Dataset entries

Segment Open

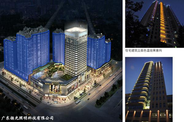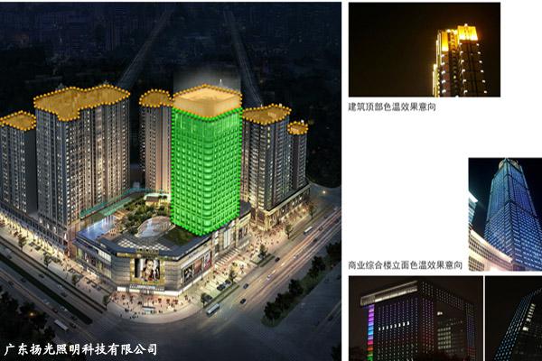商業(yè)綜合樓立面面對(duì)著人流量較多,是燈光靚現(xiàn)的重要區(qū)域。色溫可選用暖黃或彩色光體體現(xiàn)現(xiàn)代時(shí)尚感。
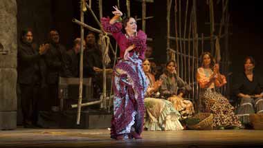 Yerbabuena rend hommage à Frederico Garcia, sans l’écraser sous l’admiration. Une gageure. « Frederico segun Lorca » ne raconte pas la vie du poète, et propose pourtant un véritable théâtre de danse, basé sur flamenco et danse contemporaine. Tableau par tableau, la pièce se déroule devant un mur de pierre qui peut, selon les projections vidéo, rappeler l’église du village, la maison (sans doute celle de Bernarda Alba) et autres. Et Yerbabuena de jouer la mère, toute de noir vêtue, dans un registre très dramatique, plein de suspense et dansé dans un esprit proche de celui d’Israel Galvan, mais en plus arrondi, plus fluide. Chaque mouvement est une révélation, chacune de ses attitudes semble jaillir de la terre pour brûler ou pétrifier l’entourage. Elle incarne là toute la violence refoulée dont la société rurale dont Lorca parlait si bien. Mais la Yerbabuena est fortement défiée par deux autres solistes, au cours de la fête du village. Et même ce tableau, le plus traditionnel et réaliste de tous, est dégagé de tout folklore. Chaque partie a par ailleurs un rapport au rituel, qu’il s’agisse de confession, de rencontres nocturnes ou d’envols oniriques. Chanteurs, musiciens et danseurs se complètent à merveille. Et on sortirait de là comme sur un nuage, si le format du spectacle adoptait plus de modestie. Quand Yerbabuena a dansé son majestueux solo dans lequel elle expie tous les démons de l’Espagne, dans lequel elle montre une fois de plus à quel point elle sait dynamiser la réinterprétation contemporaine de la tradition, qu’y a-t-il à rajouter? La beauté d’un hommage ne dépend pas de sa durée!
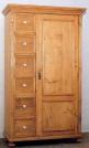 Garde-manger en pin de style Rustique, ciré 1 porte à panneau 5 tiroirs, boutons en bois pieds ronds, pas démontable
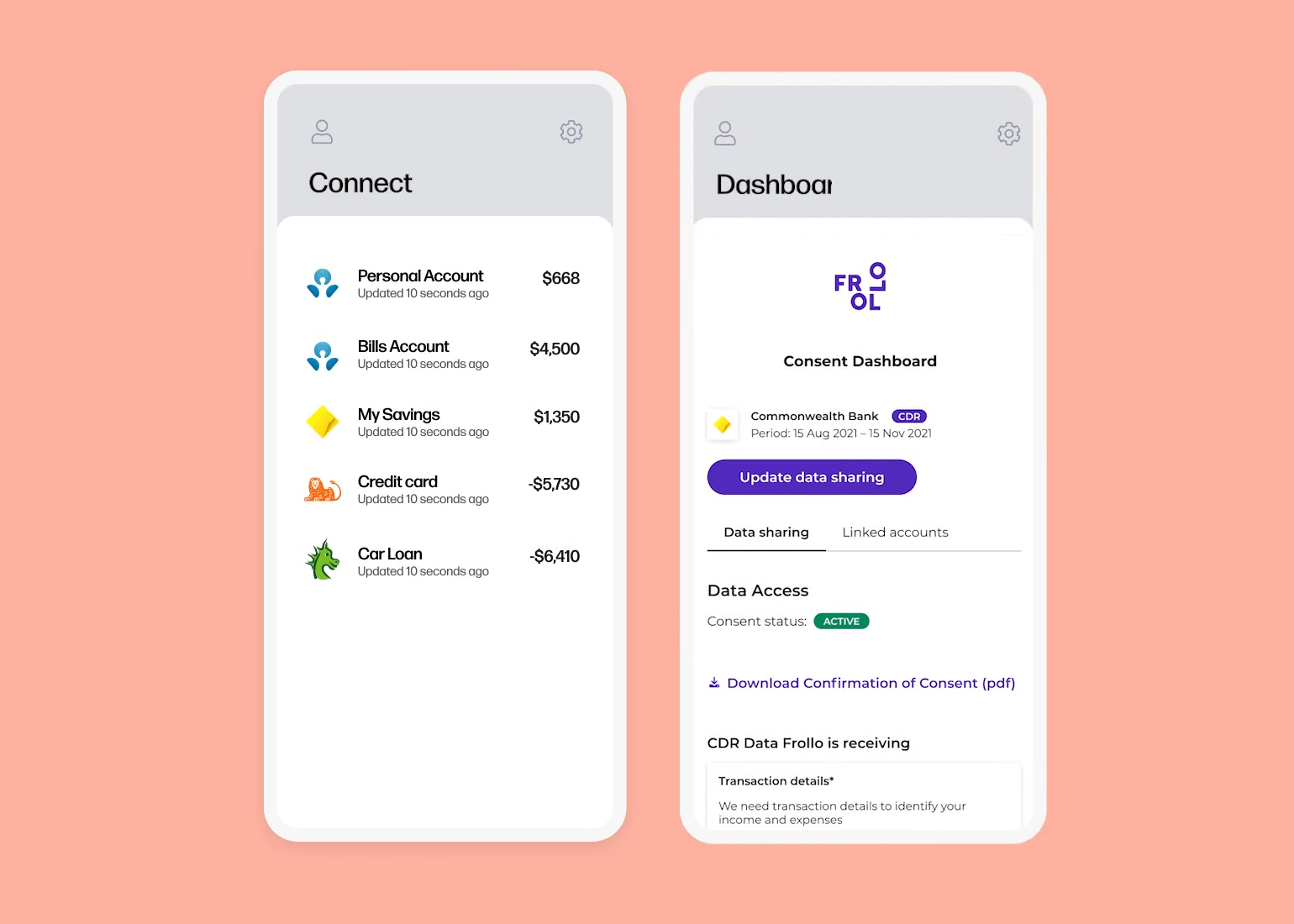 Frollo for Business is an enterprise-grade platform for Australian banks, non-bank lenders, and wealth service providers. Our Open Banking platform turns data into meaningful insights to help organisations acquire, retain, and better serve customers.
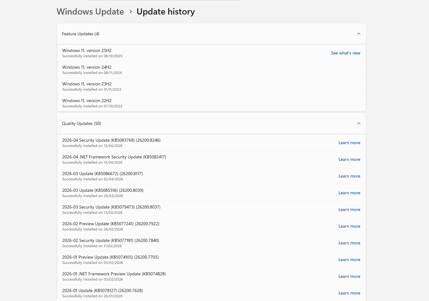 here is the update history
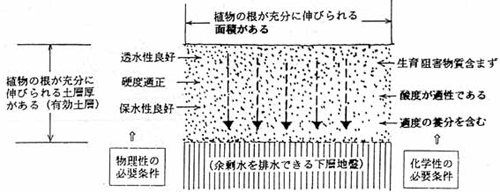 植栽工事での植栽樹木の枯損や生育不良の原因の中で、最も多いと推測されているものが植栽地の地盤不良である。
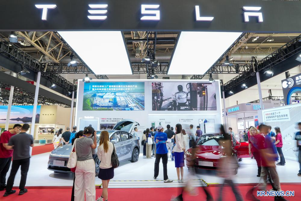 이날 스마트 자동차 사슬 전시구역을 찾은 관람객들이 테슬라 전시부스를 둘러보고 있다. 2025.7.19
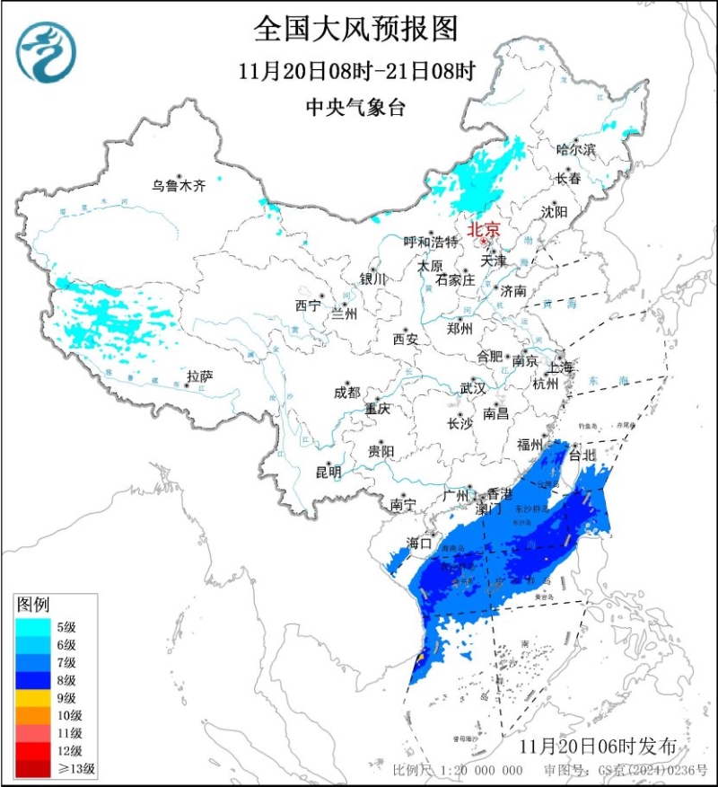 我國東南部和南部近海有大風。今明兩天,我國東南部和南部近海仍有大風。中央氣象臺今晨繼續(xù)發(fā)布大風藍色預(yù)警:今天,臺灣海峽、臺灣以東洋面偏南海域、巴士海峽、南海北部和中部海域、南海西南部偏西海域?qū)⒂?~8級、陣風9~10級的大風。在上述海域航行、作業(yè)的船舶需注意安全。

Segment Closed

■ What is required: Please, without any pictures, retype the records exactly as they appear.

■ Exercise answer:
商業(yè)綜合樓立面面對(duì)著人流量較多,是燈光靚現(xiàn)的重要區(qū)域。色溫可選用暖黃或彩色光體體現(xiàn)現(xiàn)代時(shí)尚感。
 Yerbabuena rend hommage à Frederico Garcia, sans l’écraser sous l’admiration. Une gageure. « Frederico segun Lorca » ne raconte pas la vie du poète, et propose pourtant un véritable théâtre de danse, basé sur flamenco et danse contemporaine. Tableau par tableau, la pièce se déroule devant un mur de pierre qui peut, selon les projections vidéo, rappeler l’église du village, la maison (sans doute celle de Bernarda Alba) et autres. Et Yerbabuena de jouer la mère, toute de noir vêtue, dans un registre très dramatique, plein de suspense et dansé dans un esprit proche de celui d’Israel Galvan, mais en plus arrondi, plus fluide. Chaque mouvement est une révélation, chacune de ses attitudes semble jaillir de la terre pour brûler ou pétrifier l’entourage. Elle incarne là toute la violence refoulée dont la société rurale dont Lorca parlait si bien. Mais la Yerbabuena est fortement défiée par deux autres solistes, au cours de la fête du village. Et même ce tableau, le plus traditionnel et réaliste de tous, est dégagé de tout folklore. Chaque partie a par ailleurs un rapport au rituel, qu’il s’agisse de confession, de rencontres nocturnes ou d’envols oniriques. Chanteurs, musiciens et danseurs se complètent à merveille. Et on sortirait de là comme sur un nuage, si le format du spectacle adoptait plus de modestie. Quand Yerbabuena a dansé son majestueux solo dans lequel elle expie tous les démons de l’Espagne, dans lequel elle montre une fois de plus à quel point elle sait dynamiser la réinterprétation contemporaine de la tradition, qu’y a-t-il à rajouter? La beauté d’un hommage ne dépend pas de sa durée!
 Garde-manger en pin de style Rustique, ciré 1 porte à panneau 5 tiroirs, boutons en bois pieds ronds, pas démontable
 Frollo for Business is an enterprise-grade platform for Australian banks, non-bank lenders, and wealth service providers. Our Open Banking platform turns data into meaningful insights to help organisations acquire, retain, and better serve customers.
 here is the update history
 植栽工事での植栽樹木の枯損や生育不良の原因の中で、最も多いと推測されているものが植栽地の地盤不良である。
 이날 스마트 자동차 사슬 전시구역을 찾은 관람객들이 테슬라 전시부스를 둘러보고 있다. 2025.7.19
 我國東南部和南部近海有大風。今明兩天,我國東南部和南部近海仍有大風。中央氣象臺今晨繼續(xù)發(fā)布大風藍色預(yù)警:今天,臺灣海峽、臺灣以東洋面偏南海域、巴士海峽、南海北部和中部海域、南海西南部偏西海域?qū)⒂?~8級、陣風9~10級的大風。在上述海域航行、作業(yè)的船舶需注意安全。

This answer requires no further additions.